The two dominant receiving institutions are Banco Nacional de Costa Rica (BNCR) and Banco de Costa Rica (BCR), both state-owned and covering roughly 60% of retail accounts; BAC Credomatic and Banco Popular round out the private and cooperative options. Mobile wallets like SINPE Móvil — operated by the Costa Rican central bank — enable near-instant CRC settlement once funds arrive at a local bank, and cash pickup networks operate through Western Union and MoneyGram agents nationwide. Remittances play a meaningful role in Costa Rica's economy, supporting household consumption in rural cantons and supplementing income for an estimated 130,000 receiving families.
Standard banking regulations apply for sending from Hong Kong to Costa Rica, with Hong Kong's HKMA requiring AML/KYC verification on transfers above HKD 8,000 and Costa Rica's SUGEF flagging incoming wires above USD 10,000 for reporting. Personal remittances to family are not subject to Costa Rican income tax, though large or recurring transfers exceeding USD 1,000 monthly may trigger source-of-funds questions from the receiving bank. Retain transaction records for at least five years to satisfy both jurisdictions.

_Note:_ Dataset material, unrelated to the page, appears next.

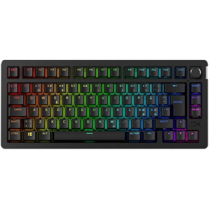 HyperX (Alloy Rise 75) | HyperX Red Linear | 75% | Până la 80h cu RGB / 1500h fără RGB | RGB per-key | Bluetooth, 2.4GHz, USB-C |

The HKD is pegged to the USD within a 7.75–7.85 band, so HKD/CRC volatility derives almost entirely from CRC movements against the dollar — typically a 2–4% annual trading range. Set rate alerts on Wise or Revolut and execute when CRC weakens past 525 per USD. Batch transfers above HKD 8,000 to amortize fixed fees; for amounts under HKD 2,000, the flat-fee component can push effective cost above 2%, eroding the digital advantage.